Shiffrin Looks Ahead To Kronplatz Giant Slalom Races

by Brian Pinelli

Mikaela Shiffrin competes during the women's downhill at the FIS Alpine Ski World Cup on Jan. 20, 2023 in Cortina d'Ampezzo, Italy.


Mikaela Shiffrin remains tied with Lindsey Vonn atop the all-time women’s World Cup victories table, both with 82, following three ‘speed races’ in Cortina d’Ampezzo, Italy. 
It will be a quick transition from the long boards to the giant slalom skis for Shiffrin – something that the versatile ski racer is well accustomed to – as her next two opportunities to break the record will come in giant slalom races, Tuesday and Wednesday, in nearby Kronplatz.
Shiffrin continues to hone her downhill racing skills, in the discipline that she trains the least for.
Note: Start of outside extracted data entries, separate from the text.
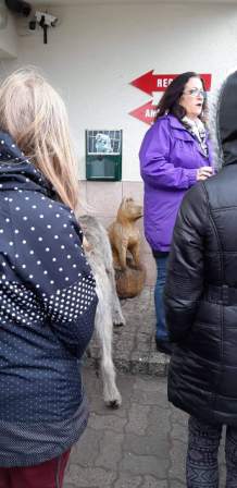 Jak co roku, w schronisku przywitała nas Pani Dyrektor Izabella Szolginia wraz ze swoją psią towarzyszką Lilou. Opowiedziała nam o potrzebach psów i kotów, ich życiu w schronisku, a także o okrucieństwie człowieka wobec czworonogów, które sama na co dzień obserwuje, gdy do schroniska przywożone są psy, czy koty skrzywdzone przez właścicieli. Dowiedzieliśmy się także, jakie plany związane z rozwojem schroniska Pani Dyrektor ma na najbliższe lata. Po obiekcie oprowadziła nas jedna z pań opiekunek zwierząt, która odpowiadała na wyszukane pytania najbardziej dociekliwych miłośników zwierząt.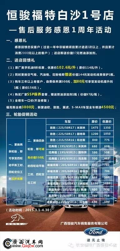為您的駕駛安全與愛車保養(yǎng)出謀劃策同時(shí),也讓您更加了解愛車,更加自如駕車。同時(shí)恒駿福特為您送上暖心回饋!即日起售后客戶即可享受如下“!倍Y: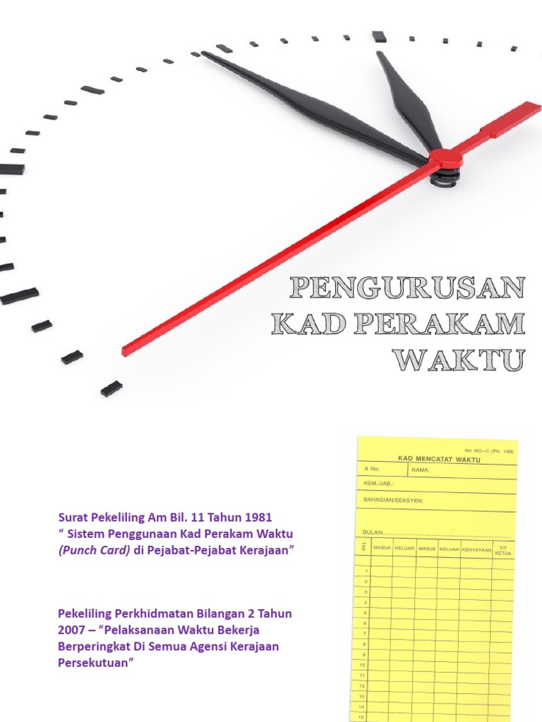 Sistem Penggunaan Kad Perakam Waktu Punch Card di Pejabat-Pejabat Kerajaan Adalah dimaklumkan bahawa Kerajaan telah memutuskan supaya semua pejabat dan agensi Kerajaan di peringkat Persekutuan menggunakan kad perakam waktu untuk mengawal waktu pegawai-pegawai dan kakitangan kerajaan datang dan pulang dari pejabat. Sistem Penggunaan Kad Perakam Waktu Punch Card di Pejabat-Pejabat Kerajaan Adalah dimaklumkan bahawa Kerajaan telah memutuskan supaya semua pejabat dan agensi Kerajaan di peringkat Persekutuan menggunakan kad perakam waktu untuk mengawal waktu pegawai-pegawai dan kakitangan kerajaan datang dan pulang dari pejabat. Sehubungan itu agensi Kerajaan adalah dibenarkan mengguna Sistem Perakam Waktu Elektronik bagi maksud tersebut.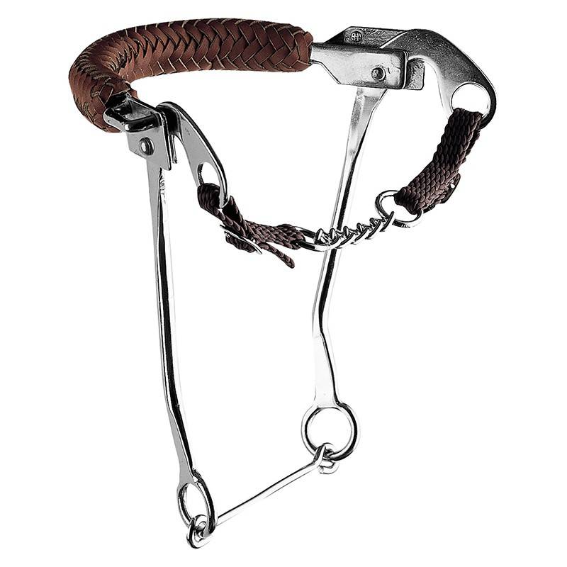 Hackamore de chez Sprenger avec muserolle en cuir tressé de 35 cm de longueur, branches de 24 cm en acier inoxydable.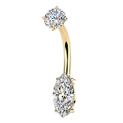 Zlacený piercing do pupíku dekorovaný kubickými zirkony čiré barvy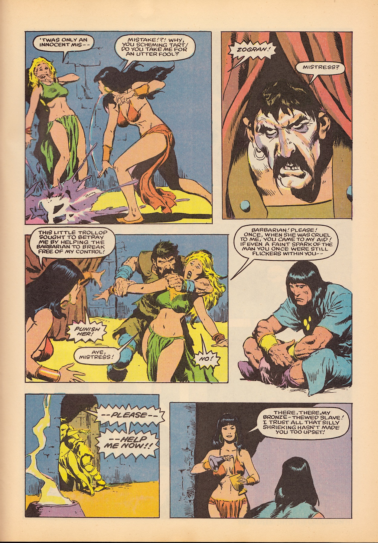 Moving on to Conan: Cauldron of the Doomed which is plotted and drawn by John Buscema, with dialogue by Michael Fleischer and letters by Janice Chiang. Last week’s Conan the Barbarian ended with the caption, ‘Next Week: Conan is made ready for the cauldron!” Well, it’s only in the final panels here that the sinister Marielle tells her servants to prepare Conan for said cauldron, so the editor seems to have gotten ahead of themselves again. The story begins after the entranced Conan and Marielle return home and as he attempts to fawn over her she snaps and scolds him, suddenly deciding she’s had enough.

The Colorado racer flirted with victory number 83 across two downhills and one super-G race at the sunny Italian Dolomites resort clocking fast split times on the upper sections of the Olympia delle Tofane piste. However, she finished seventh in Sunday’s super-G, following seventh and fourth place downhill results over the previous days.
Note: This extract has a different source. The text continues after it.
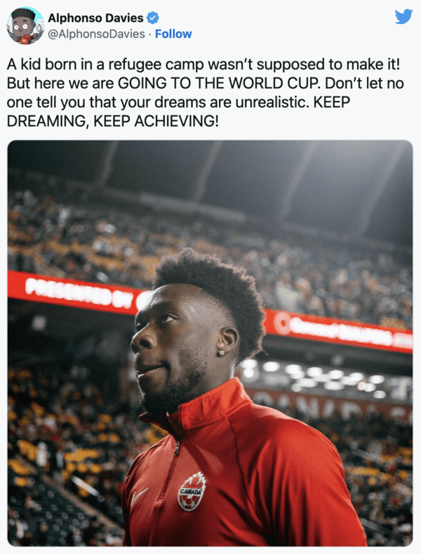 This one is more of a personal story about footballer Alphonso Davies making it to the 2022 FIFA World Cup with Canada, but it can be used as a good motivational meme that pays tribute to a person’s hard work and desire. Making World Cup history with his World Cup debut sure is impressive.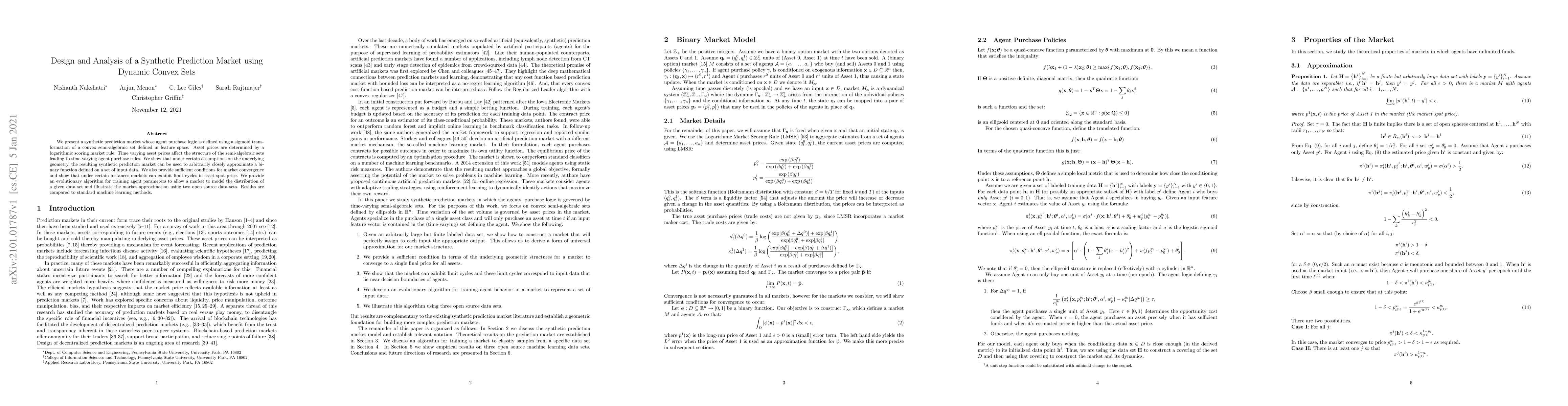 This paper introduces a synthetic prediction market using dynamic convex sets and sigmoid transformations to approximate binary functions on input data. It presents conditions for market convergence and potential limit cycles in asset prices. An evolutionary algorithm is proposed for training agent parameters to model data distribution, with results compared to standard machine learning methods using open-source datasets.

“Yesterday everybody was saying you’re so close to the podium, (I was) kind of like so sorry, that was close, but I don’t feel a lot of disappointment” Shiffrin said, referring to Saturday’s downhill, in which she was just .05 seconds away from a top three finish.
“I’ve been on the right side of the hundredths many, many times in my career – I’ve had luck and I’ve also had some bad luck.
“I have to be realistic with expectations and do the best I can,” Shiffrin continued. “The only disappointment today was kind of messing up the last little bit, but every other section of the course, I hit the marks that I wanted to hit, so I’m actually quite satisfied.”
Shiffrin and teammates now travel to another Italian ski resort, Kronplatz in Northern Italy’s South Tyrol region, roughly 55 kilometers northwest from Cortina. The 27-year-old phenom will have her next two opportunities to attain the record outright in a pair of GS races, Tuesday and Wednesday.
Based upon previous success at the venue, one has to like her chances. Shiffrin sped to a GS victory on the demanding Kronplatz ‘Erta’ race hill by a staggering 1.21 seconds in January 2019.
“I remember how it felt to ski fast there, but I also think the level of GS skiing is even different now from what it was that year, so I need to be aggressive and on the right timing because if I’m not, I won’t win for sure,” Shiffrin said. “I have the chance to ski it well, so I’ll focus on that.”
Shiffrin has competed on the Kronplatz race hill five times over her illustrious career. In addition to the decisive 2019 victory, she has finished fourth, fifth twice and in 2018, the consistent skier uncharacteristically crashed out in her first run.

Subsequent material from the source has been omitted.